*** The records Section Begins ***

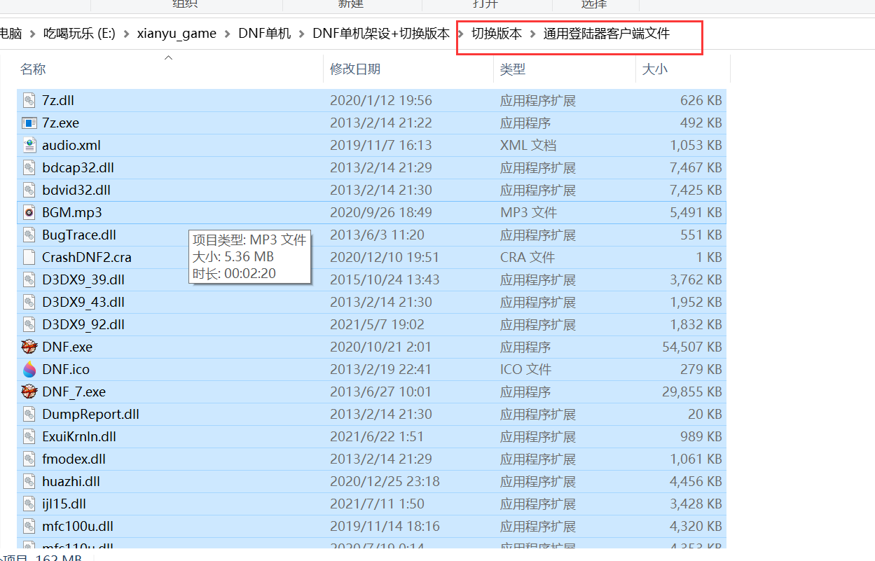 找到 通用登陆器客户端文件 文件夹,然后ctrl+a全选,ctrl+c复制所有文件
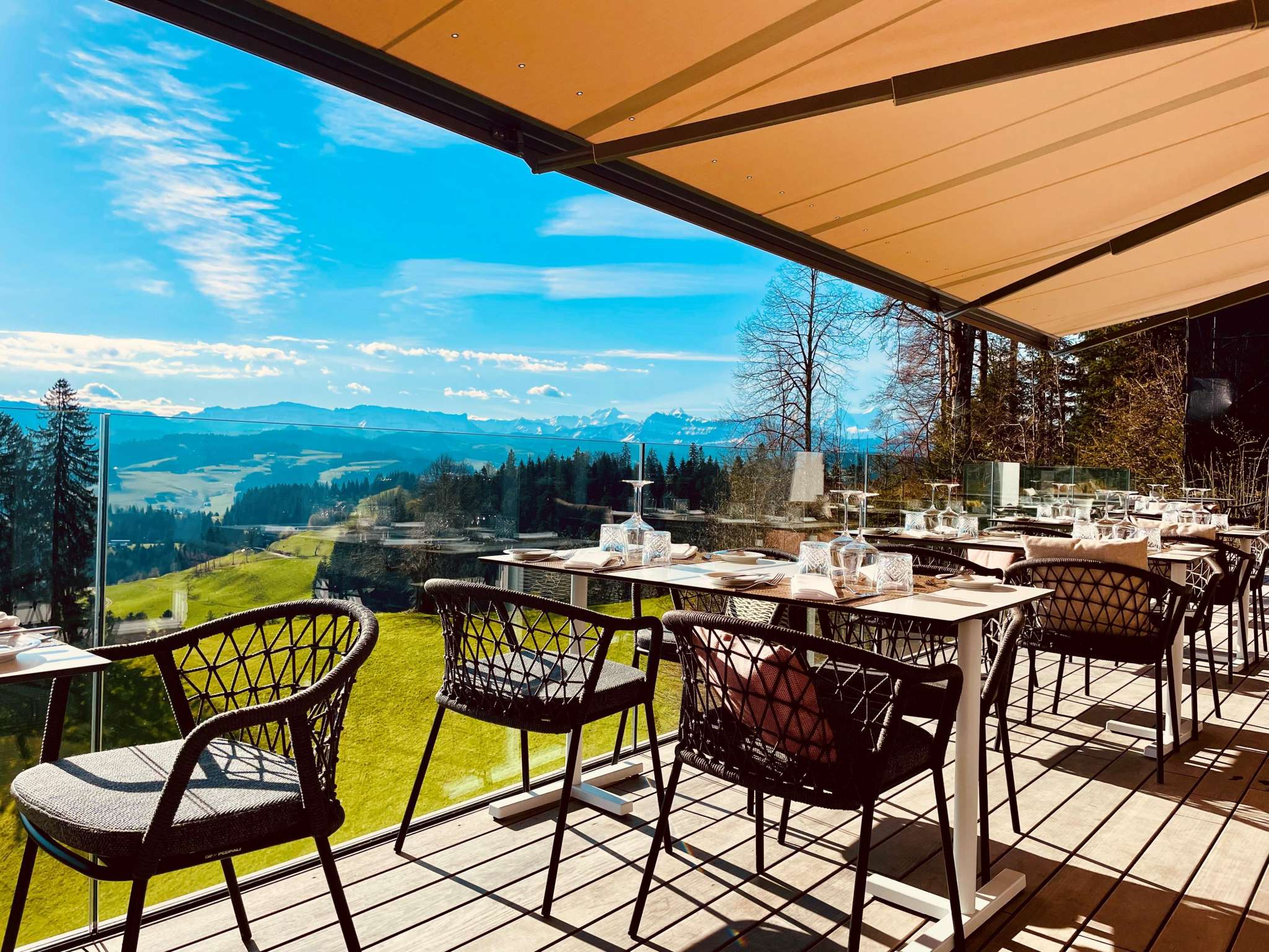Geniessen Sie auf fast 1'000 M.ü.M die Aussicht über das Emmental und die Kulinarik in vollen Zügen.
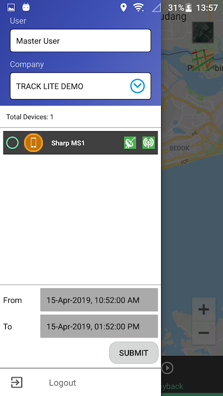 ٹریک ایس جی ایڈمن موبائل آلات کی تلاش کا اصل وقت پر نظر رکھتا ہے اور ان موبائل آلات کے ذریعہ کیے جانے والے روزانہ کے راستوں کو ریکارڈ کرتا ہے۔
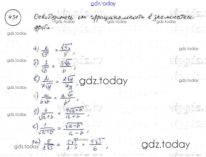 На страницах сайта gdz.today вы найдете учебный и вспомогательный материал, направленный на улучшения знаний школьной программы. ГДЗ - онлайн мир знаний Решение к упражнениям 431 Учебнику по Алгебре для 8 класса Макарычев, Миндюк Просвещение 2016
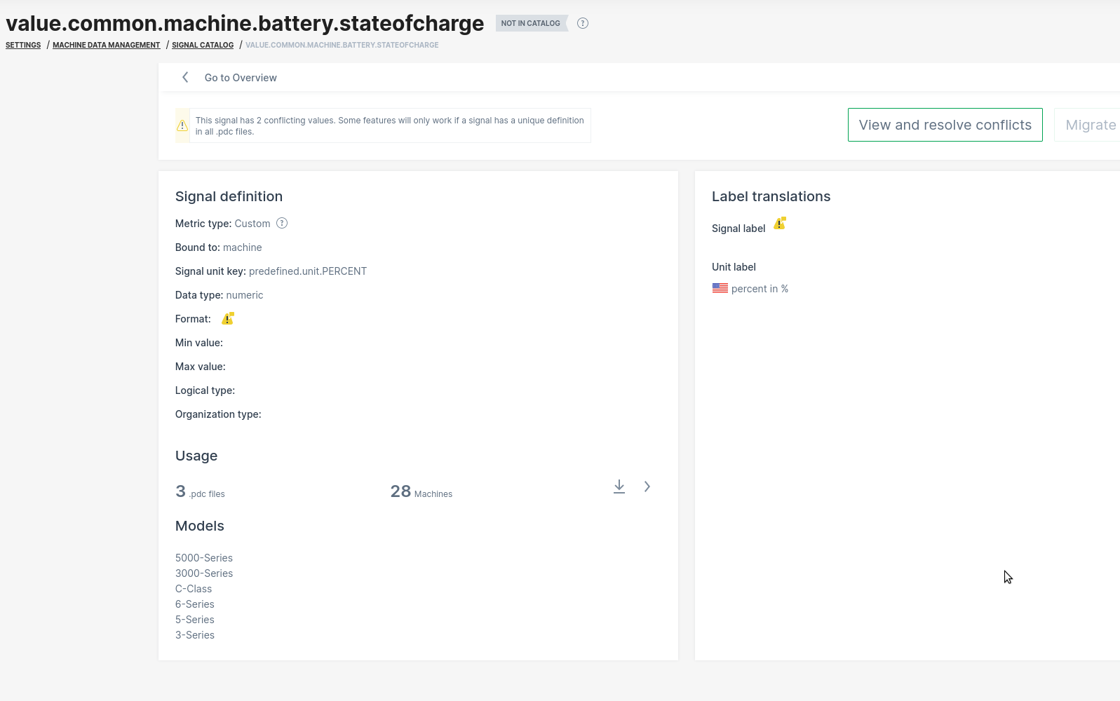 Signals that have conflicts cannot be migrated immediately, for example, when the same signal uses different units in different PDCs, e.g. meter and kilometer. The conflict icons in the Signal Catalog table and details indicate the signal definition values with conflicts:
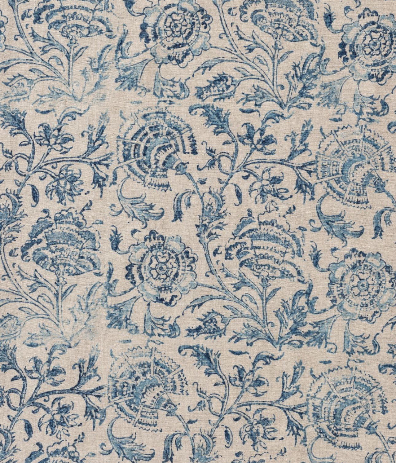 Hand printed + embroidered on Natural Linen. Print is on both sides.

*** The records Section Ends ***

**What is required**
Your answer must be exactly the lines from the one with "Geniessen Sie auf" through the final line of the data, with no pictures in it.

**Solution to this exercise**
Geniessen Sie auf fast 1'000 M.ü.M die Aussicht über das Emmental und die Kulinarik in vollen Zügen.
 ٹریک ایس جی ایڈمن موبائل آلات کی تلاش کا اصل وقت پر نظر رکھتا ہے اور ان موبائل آلات کے ذریعہ کیے جانے والے روزانہ کے راستوں کو ریکارڈ کرتا ہے۔
 На страницах сайта gdz.today вы найдете учебный и вспомогательный материал, направленный на улучшения знаний школьной программы. ГДЗ - онлайн мир знаний Решение к упражнениям 431 Учебнику по Алгебре для 8 класса Макарычев, Миндюк Просвещение 2016
 Signals that have conflicts cannot be migrated immediately, for example, when the same signal uses different units in different PDCs, e.g. meter and kilometer. The conflict icons in the Signal Catalog table and details indicate the signal definition values with conflicts:
 Hand printed + embroidered on Natural Linen. Print is on both sides.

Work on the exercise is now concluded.